Another project I finished over the weekend was sanding down and polishing the MAF sensor housing. The two pieces of metal that sandwich the MAF itself. This takes time and patience, and it wont be a fast process. This is basically for anyone wanting to add a little bit of polished metal under the hood. I also smoothed down the inside of the housing to aid in airflow.

Tools Needed:

  • *I had an air compressor and grinder at my disposal and that made it a lot easier at the beginning.
  • Dremel with sand paper attachments/wheels
  • Sandpaper or wheels of various grits:

    • 320
    • 1000
    • 1500
    • 2000
  • Screw drivers (flat-head/Phillips)
  • Rubbing compound
  • Polishing compound

Step One.
Remove all electrical plugs on the intake and MAF

Remove Air Intake lid along with the boots attached to the MAF housing. There will just be two bands that you will loosen up with a flat-head/Phillips screwdriver and work the boots off.

Next you’ll have to remove the sensor from the two metal pieces. There are 4 different bolts that hold this together and they are a star bit and not able to specify size but will edit this later with the correct size.
Once you remove the 4 bolts, you’ll remove the sensor(middle piece) from the housing. BE EXTREMELY CAREFUL NOT TO DAMAGE THE THREE EXPOSED WIRES ON THE SENSOR. Otherwise you will be buying a new MAF. Lay it aside in a safe location and now you can see the task ahead.

There are two rubber seals that you need to remove as well just to prevent a chance of damaging them.

This is what you should have.

Now the fun part.

Fill a bucket up full of water and add a little bit of soap. I always like to use soapy water anytime I sand just to lubricate and keep from digging too deep with the sandpaper. It sucks having to sand and sand to get deep scratches out. Take your air tool or by hand, your heaviest grit and start working on the texture of the brackets, occasionally dipping the bracket/sandpaper in the water.

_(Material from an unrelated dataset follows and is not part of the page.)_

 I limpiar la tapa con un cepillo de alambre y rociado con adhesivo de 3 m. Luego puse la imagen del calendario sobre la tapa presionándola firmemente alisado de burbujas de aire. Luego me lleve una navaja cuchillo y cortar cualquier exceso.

You will get messy but it’s worth it. (I only used the air tool/grinder to knock down the rough surface and texture and then went to sandpaper by hand)

Once you have all of the texture and molded high spots sanded fairly smooth around the outside, you’ll start to work on the rest of the bracket. There are some nooks and crannies that you’ll have to work into with the dremel and by hand but like I said, it just takes patience.

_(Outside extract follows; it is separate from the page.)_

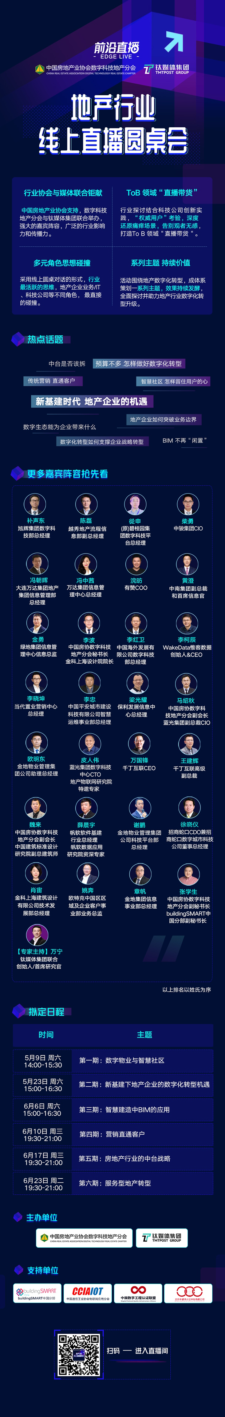 为此,各房地产企业纷纷开始思考如何在行业中脱颖而出,受到更多客户的青睐和认可,而转型服务型地产便是其中一个重要的答案。在这样的背景下,线上圆桌会第六期于6月23日上线,多位重量级嘉宾在钛媒体集团联合创始人&首席研究官万宁的主持下,围绕“服务型地产转型”,深入探讨地产企业进行服务型转型的必要性、方向、难点及策略。

Use the dremel on a low speed to help get into the tighter places but be very careful as a dremel can take a lot of metal very fast leaving a nice groove that will take a lot of sanding and extra work to get rid of.

After you have the bracket roughly sanded down, move on to a lighter grit, just do the same thing and work out the scratches from the rougher grit until you have it smoother.

Then move on to the 1500 grit and here is where you’ll really find out if you have some deeper scratches that you need to address. If there are, just move back to a little rougher grit(but not too rough otherwise you’ll just create more deep scratches) or keep with the lighter grit to try to get rid of it.

When you feel happy with the result and feel of the surface and there are no longer any deep scratches, run over the metal with a 2000 grit sand paper to really smooth it out, rubbing compound and then polish and here’s what you have. You’ll just have to judge it for yourself and work on it until you are happy with it.

Some people choose to de-screen their MAF housing while it is out, I chose to leave it in as the theory behind having it is to straighten out the air so the MAF sensor itself will have a more accurate reading. Some people have zero problems after removing it but some guys have nothing but problems. Do this at your own risk. Just repeat the same process for the other side and be careful not to damage the screen, unless you choose to remove it.

Finished product off the car.

I’m currently working on the throttle body as well so that will be coming soon.